Puppet Labs Secures $8.5 Million in Series C Funding With New Investors Cisco, Google Ventures and VMware

Puppet Labs announced the closure of a Series C funding round valued at $8.5 million. As a result of the funding raise, new investors Cisco, Google Ventures and VMware join existing investors Kleiner Perkins Caufield & Byers, True Ventures, and Radar Partners. Since its formation in 2005, the company has now raised a total of $15.75 million. The new round of funding is intended to support a market in which “demand for our products is outstripping our ability to satisfy it through organic growth alone,” according to Puppet’s CEO Luke Kanies.
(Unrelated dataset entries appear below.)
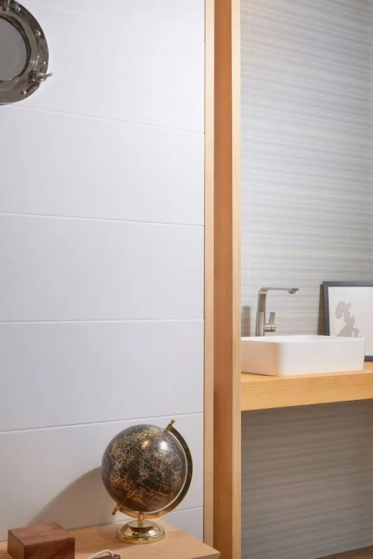 размера 25x70, белого цвета. Данный вид плитки, с рисунком в виде полос,
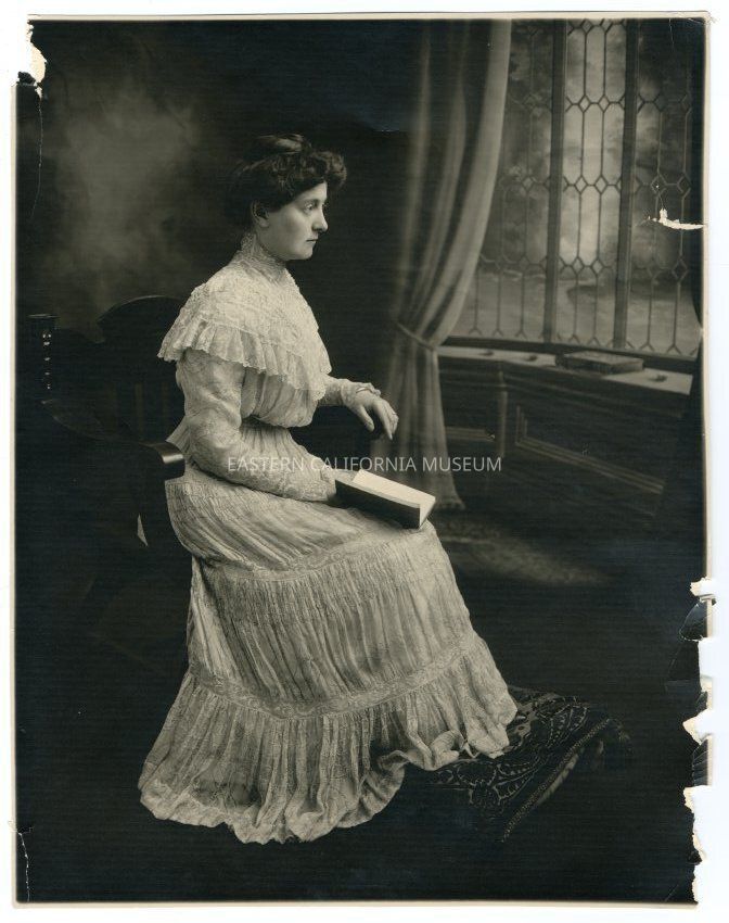Large studio portrait of Annie Ramsey, the wife of photographer Allen Ramsey. She established the first hospital in Lone Pine from 1927 to 1943. She is sitting in a chair with an open book on her lap.Collection
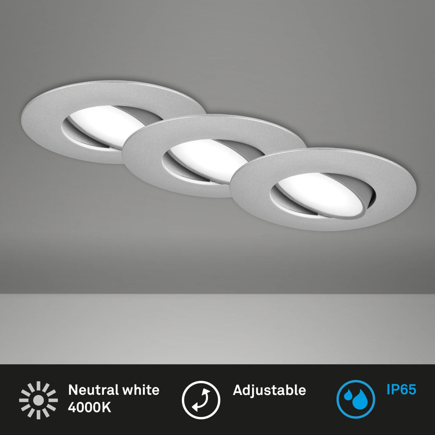 3er Set LED Einbauleuchte, 9 Cm, 3x 4,9W, 480lm, Chrom-matt

Kanies further noted that VMware, Google and Cisco represented ideal partners to accelerate the adoption of its IT automation and management software because of their deep relationships in the virtualization, cloud computing and IT vendor landscape.
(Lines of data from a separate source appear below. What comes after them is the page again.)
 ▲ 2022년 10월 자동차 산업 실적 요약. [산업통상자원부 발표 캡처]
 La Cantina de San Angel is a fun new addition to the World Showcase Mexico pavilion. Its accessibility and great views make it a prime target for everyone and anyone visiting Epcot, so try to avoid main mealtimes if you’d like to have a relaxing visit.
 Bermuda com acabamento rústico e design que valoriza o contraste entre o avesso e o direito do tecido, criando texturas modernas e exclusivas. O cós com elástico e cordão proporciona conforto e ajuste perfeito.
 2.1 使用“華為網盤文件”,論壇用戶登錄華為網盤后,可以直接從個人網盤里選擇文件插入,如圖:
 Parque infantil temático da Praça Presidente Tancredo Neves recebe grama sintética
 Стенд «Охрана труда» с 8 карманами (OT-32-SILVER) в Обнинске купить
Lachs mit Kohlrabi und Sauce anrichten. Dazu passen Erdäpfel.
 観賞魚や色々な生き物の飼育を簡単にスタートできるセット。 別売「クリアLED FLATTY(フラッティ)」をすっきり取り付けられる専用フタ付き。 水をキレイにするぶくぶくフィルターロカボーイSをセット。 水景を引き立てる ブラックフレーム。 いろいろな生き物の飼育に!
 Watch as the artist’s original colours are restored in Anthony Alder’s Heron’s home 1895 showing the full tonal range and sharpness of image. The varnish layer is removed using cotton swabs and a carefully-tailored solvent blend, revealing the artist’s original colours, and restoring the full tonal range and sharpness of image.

Puppet Labs provides software that enables system administrators to effectively manage increasingly heterogeneous IT environments featuring legacy systems, private clouds, virtual machines and public clouds, all of which collectively serve the needs of multiple constituencies with varying application needs and role-based access privileges. Puppet Enterprise 2.0 delivers a visually intuitive graphical interface that enables system administrators to discover existing resources, benchmark resource utilization against a desired baseline, configure and deploy new resources to increase scale, and launch critical updates, all within a matter of seconds, without adding headcount. Puppet Enterprise 2.0 also features provisioning capability for Amazon EC2 and VMware instances as well as unauthorized access and change of setting tracking for compliance purposes.
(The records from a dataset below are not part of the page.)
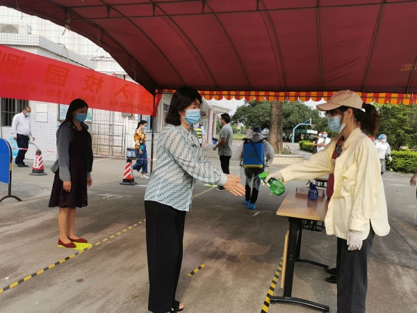 因此,為了貫徹落實(shí)疫情防控期間中山市有關(guān)中小學(xué)2020年春季學(xué)期開學(xué)工作等文件精神,進(jìn)一步提高豐聯(lián)小學(xué)在開學(xué)后的疫情防范和應(yīng)急處置能力,保障全校師生的身體健康和生命安全,維護(hù)學(xué)校正常的教育教學(xué)秩序和校園穩(wěn)定,豐聯(lián)小學(xué)特在21日開展本次新冠肺炎防控應(yīng)急演練,阜沙鎮(zhèn)黨委副書記孫海卿、鎮(zhèn)文教衛(wèi)計(jì)局局長(zhǎng)黃桂生、鎮(zhèn)教指中心主任徐瑞欽,教研員黃盛強(qiáng)、陳凱冰、吳雪儀老師等蒞臨豐聯(lián)小學(xué)進(jìn)行了參觀與指導(dǎo)。
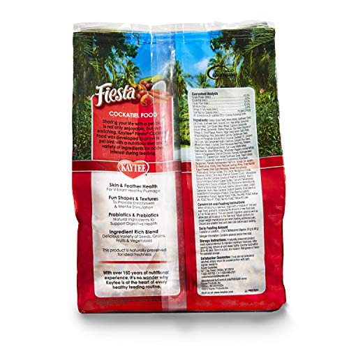 Kaytee Fiesta Cockatiel meals is a nutritionally fortified gourmand weight-reduction plan product of a premium mix of fruits, greens, seeds and grains providing most selection, enjoyable and vitamin for pet birds. Fiesta comprises prebiotics and probiotics to help digestive well being and is formulated along with your chook species in thoughts. Kaytee understands that sharing your life with a pet chook is just not solely pleasurable however very enriching. Kaytee exhibits our love by making certain we offer your pet chook with one of the best vitamin for a protracted and wholesome life. With over 150 years of dietary expertise, it is no surprise why Kaytee is on the coronary heart of each wholesome feeding routine.
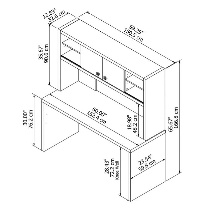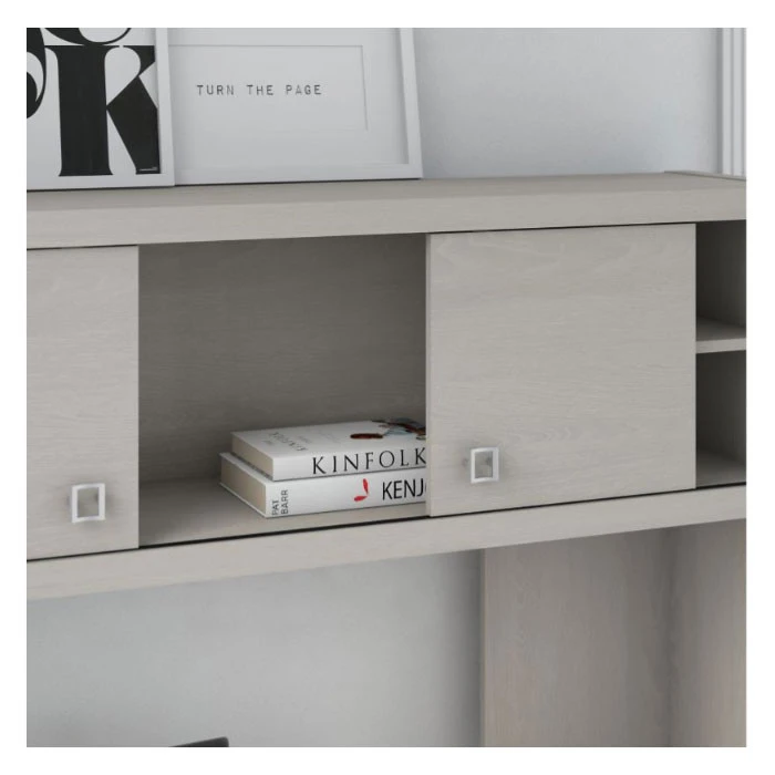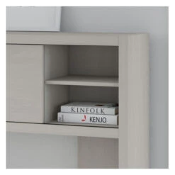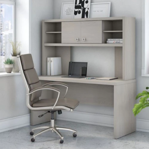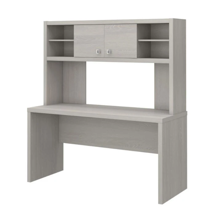 Bush Echo Credenza/Desk with Hutch – ECH030GS. The Office by Kathy Ireland Echo Credenza Desk offers an elegant, functional design to inspire today’s professional. Wide lines and a thick surface create a strong presence while a thermally fused laminate finish protects the white Desk throughout years of daily use.
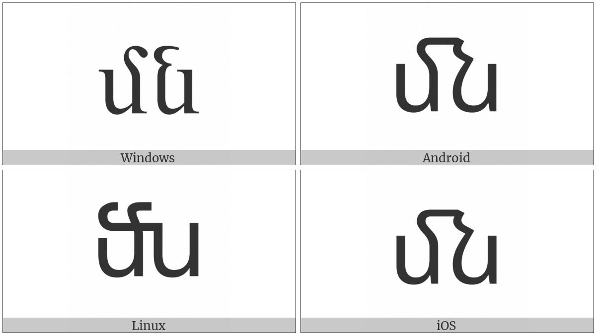 The image below shows how the “Armenian Small Ligature Men Now” symbol might look like on different operating systems. If the font in which this web site is displayed does not contain the symbol and there is no fallback font able to render it, you can use the image below to get an idea of what it should look like.
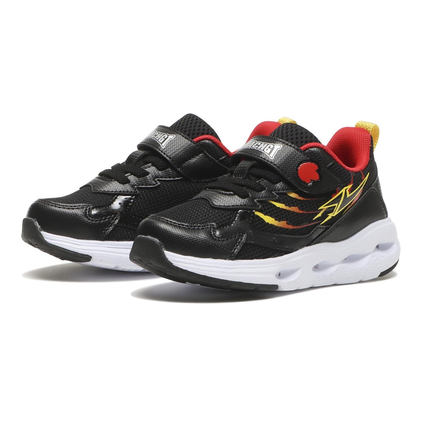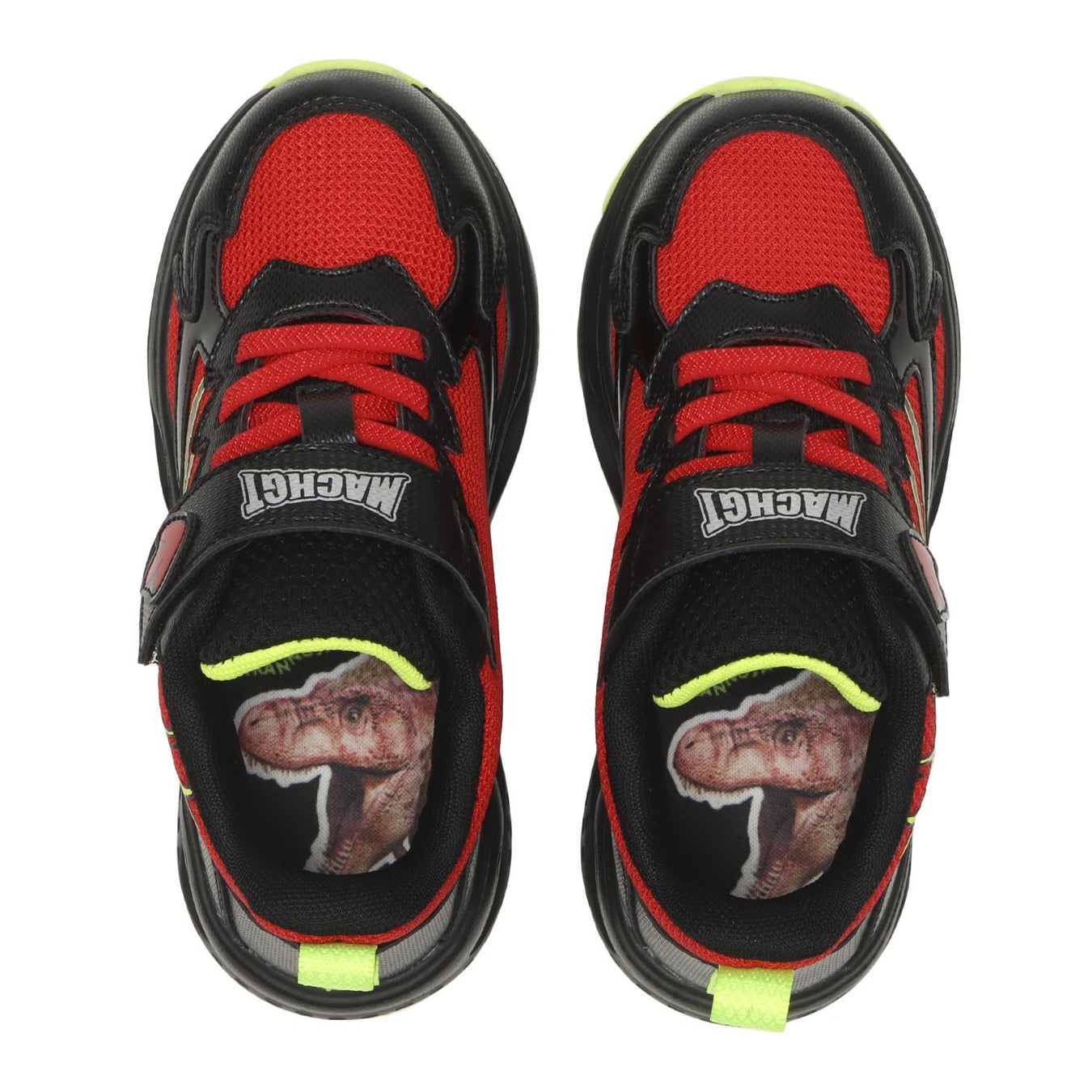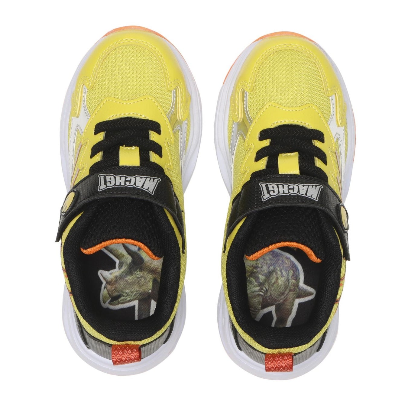 コラボスニーカーはティラノサウルスやトリケラトプスなど、4種の人気恐竜の特徴をデザインに落とし込んだ迫力のあるスニーカーです。シューズのボディには恐竜の爪痕のイラストを施し、ベルト部分には各恐竜にあわせた足あとのアイコンも添えられ、恐竜好きにはたまらないエッセンスを詰め込んだスニーカーとなっています。さらに、アウトソール横に付いたライトが歩くたびに光るため、暗い夜道でも安心です。デザイン性はもちろん、取り外して洗浄可能なインソールや、蒸れを軽減してくれるメッシュ素材のアッパーやライニングなど機能性にも優れています。

The Series C funding raise marks the culmination of a momentous year for the company. Puppet Labs outgrew its open source roots in January with the launch of the first commercial edition of its product, Puppet Enterprise. In September, the company launched Puppet Enterprise 2.0 and now claims over 250 customers including Twitter, Zynga, Oracle/Sun, Match.com and Constant Contact.

Karim Faris, partner at Google Ventures, remarked on the promise of Puppet Labs and its recent investment as follows:

“Global companies need efficient solutions to manage their on-premise and cloud infrastructures. The Puppet Labs team has demonstrated the market traction and leadership to capitalize on this tremendous opportunity, and we’re looking forward to working with them to grow the business.”

The widespread commercial interest in Puppet Labs underscores the need for technology to manage increasingly complex IT environments that feature a combination of traditional and cloud based applications. The success of Puppet Labs over the past year suggests that, alongside cloud security and mobile device management, Puppet’s specialization in technology orchestration and management increasingly ranks as one of the auxiliary technologies likely to mushroom alongside the proliferation of virtualization and cloud computing in contemporary enterprise IT environments.